Work task> For the listing below, the answer is an exact retyping of the lines from the one with "視覺感知控制基于2D,3D攝" through the one with "2025年9月中国散货船出口量及金额增长情况", both included, without pictures.

Exercise data>
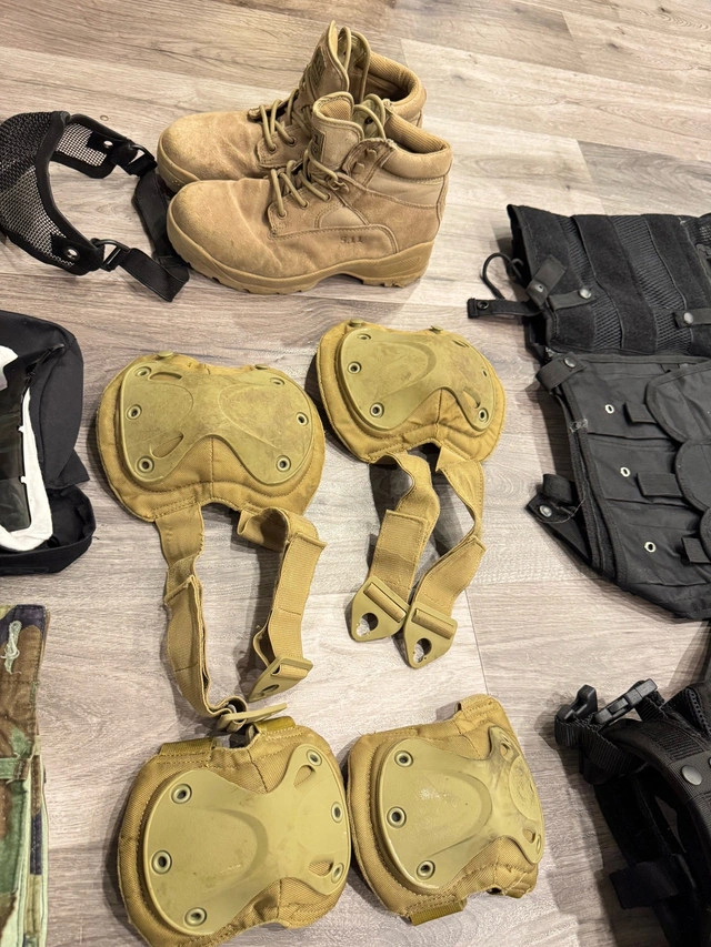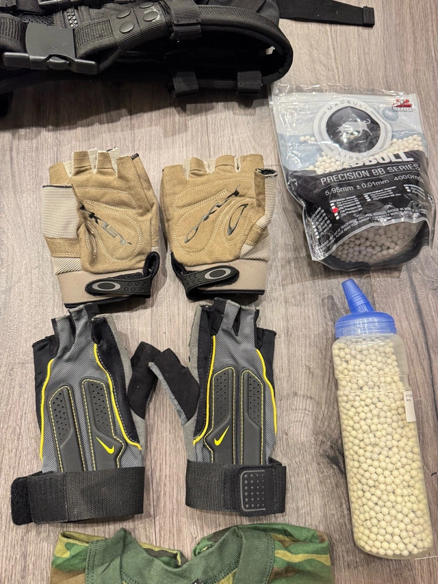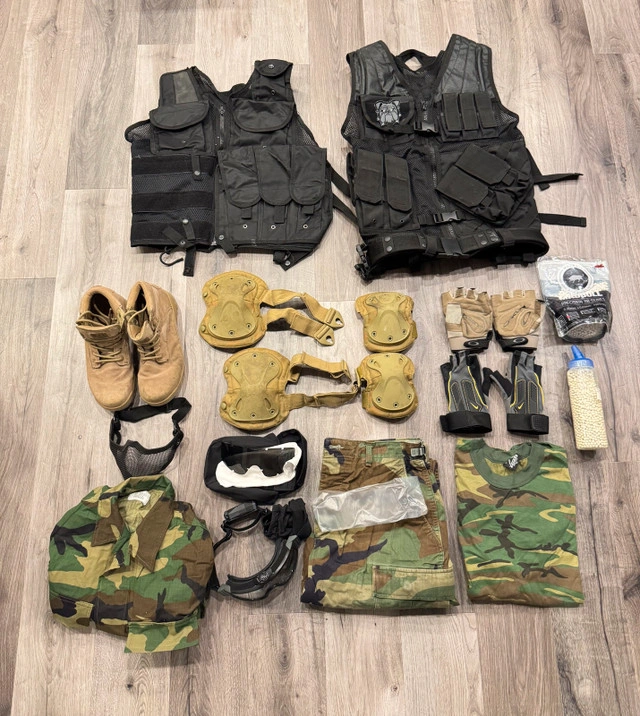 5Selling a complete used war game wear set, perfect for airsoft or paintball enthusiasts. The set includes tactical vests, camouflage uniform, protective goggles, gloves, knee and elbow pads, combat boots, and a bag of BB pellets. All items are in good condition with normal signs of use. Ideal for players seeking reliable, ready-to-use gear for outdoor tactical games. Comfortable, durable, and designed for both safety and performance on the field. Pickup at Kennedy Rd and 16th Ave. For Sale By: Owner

--

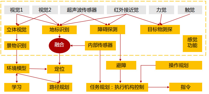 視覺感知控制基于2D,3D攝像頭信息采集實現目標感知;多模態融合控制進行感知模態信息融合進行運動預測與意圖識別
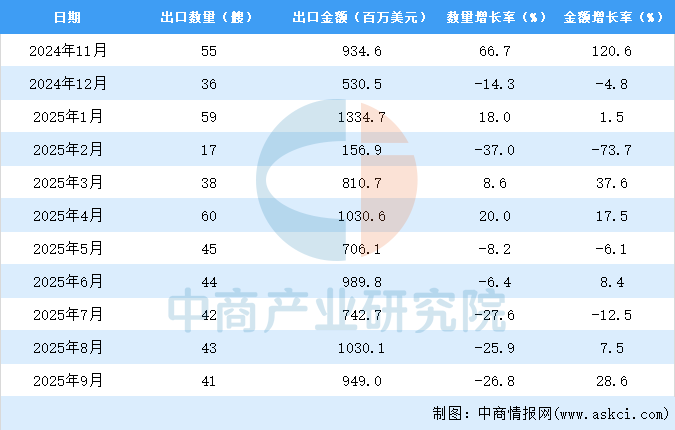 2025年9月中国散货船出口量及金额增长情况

Response below>
 視覺感知控制基于2D,3D攝像頭信息采集實現目標感知;多模態融合控制進行感知模態信息融合進行運動預測與意圖識別
 2025年9月中国散货船出口量及金额增长情况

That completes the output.